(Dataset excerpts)
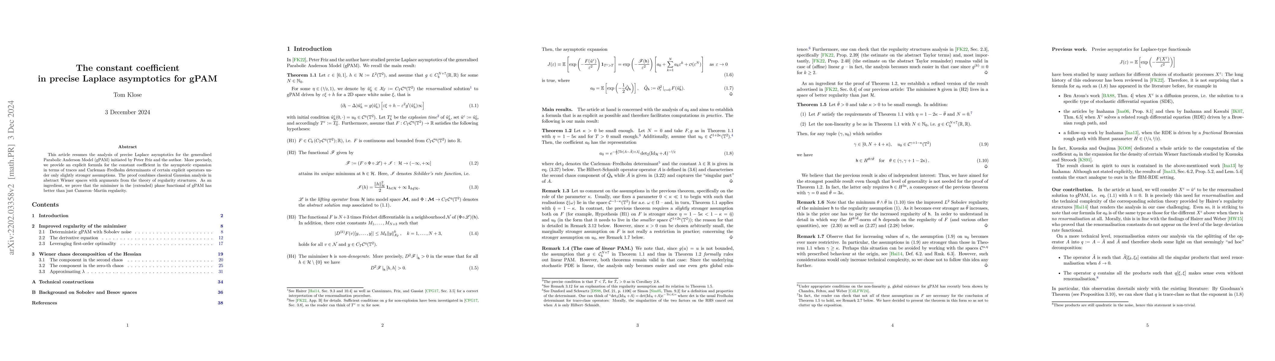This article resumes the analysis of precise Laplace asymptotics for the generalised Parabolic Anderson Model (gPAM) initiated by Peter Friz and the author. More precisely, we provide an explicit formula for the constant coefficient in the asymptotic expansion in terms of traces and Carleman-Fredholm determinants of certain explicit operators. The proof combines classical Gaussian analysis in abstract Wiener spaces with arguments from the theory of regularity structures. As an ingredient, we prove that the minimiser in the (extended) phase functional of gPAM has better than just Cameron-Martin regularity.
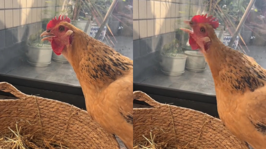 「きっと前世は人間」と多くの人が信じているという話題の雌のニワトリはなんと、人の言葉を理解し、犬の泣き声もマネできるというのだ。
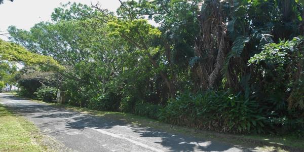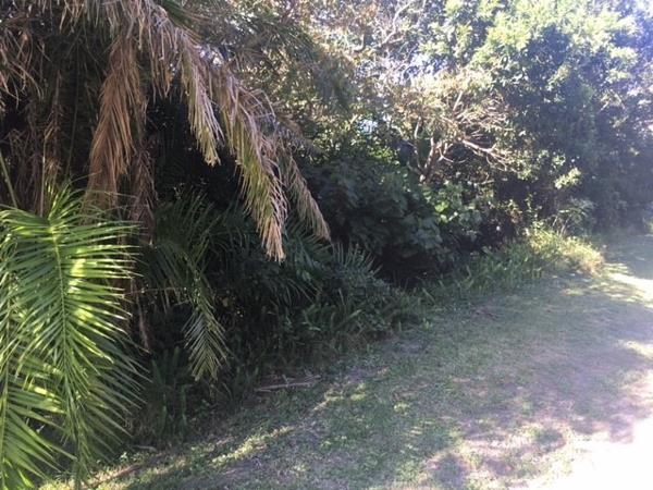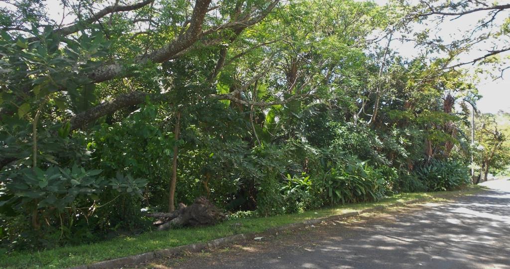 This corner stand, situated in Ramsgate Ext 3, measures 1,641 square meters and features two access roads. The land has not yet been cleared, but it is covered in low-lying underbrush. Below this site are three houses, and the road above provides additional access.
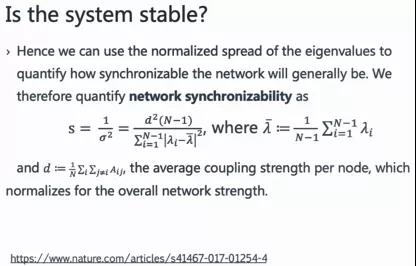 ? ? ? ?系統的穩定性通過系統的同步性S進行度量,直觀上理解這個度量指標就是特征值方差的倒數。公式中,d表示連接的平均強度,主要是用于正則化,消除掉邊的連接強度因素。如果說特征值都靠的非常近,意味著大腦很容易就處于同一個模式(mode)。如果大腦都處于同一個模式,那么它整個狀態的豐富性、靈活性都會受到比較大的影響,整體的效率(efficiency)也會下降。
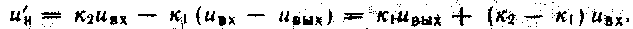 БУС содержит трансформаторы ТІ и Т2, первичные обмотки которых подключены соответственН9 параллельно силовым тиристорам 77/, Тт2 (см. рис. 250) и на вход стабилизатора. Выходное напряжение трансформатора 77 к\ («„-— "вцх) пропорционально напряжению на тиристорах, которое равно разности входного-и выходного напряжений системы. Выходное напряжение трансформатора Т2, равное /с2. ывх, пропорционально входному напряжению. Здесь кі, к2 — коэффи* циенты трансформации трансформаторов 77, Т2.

## Assignment
Copy out the records above in full, exactly as written, but not the pictures.

## Solution below
This article resumes the analysis of precise Laplace asymptotics for the generalised Parabolic Anderson Model (gPAM) initiated by Peter Friz and the author. More precisely, we provide an explicit formula for the constant coefficient in the asymptotic expansion in terms of traces and Carleman-Fredholm determinants of certain explicit operators. The proof combines classical Gaussian analysis in abstract Wiener spaces with arguments from the theory of regularity structures. As an ingredient, we prove that the minimiser in the (extended) phase functional of gPAM has better than just Cameron-Martin regularity.
 「きっと前世は人間」と多くの人が信じているという話題の雌のニワトリはなんと、人の言葉を理解し、犬の泣き声もマネできるというのだ。
 This corner stand, situated in Ramsgate Ext 3, measures 1,641 square meters and features two access roads. The land has not yet been cleared, but it is covered in low-lying underbrush. Below this site are three houses, and the road above provides additional access.
 ? ? ? ?系統的穩定性通過系統的同步性S進行度量,直觀上理解這個度量指標就是特征值方差的倒數。公式中,d表示連接的平均強度,主要是用于正則化,消除掉邊的連接強度因素。如果說特征值都靠的非常近,意味著大腦很容易就處于同一個模式(mode)。如果大腦都處于同一個模式,那么它整個狀態的豐富性、靈活性都會受到比較大的影響,整體的效率(efficiency)也會下降。
 БУС содержит трансформаторы ТІ и Т2, первичные обмотки которых подключены соответственН9 параллельно силовым тиристорам 77/, Тт2 (см. рис. 250) и на вход стабилизатора. Выходное напряжение трансформатора 77 к\ («„-— "вцх) пропорционально напряжению на тиристорах, которое равно разности входного-и выходного напряжений системы. Выходное напряжение трансформатора Т2, равное /с2. ывх, пропорционально входному напряжению. Здесь кі, к2 — коэффи* циенты трансформации трансформаторов 77, Т2.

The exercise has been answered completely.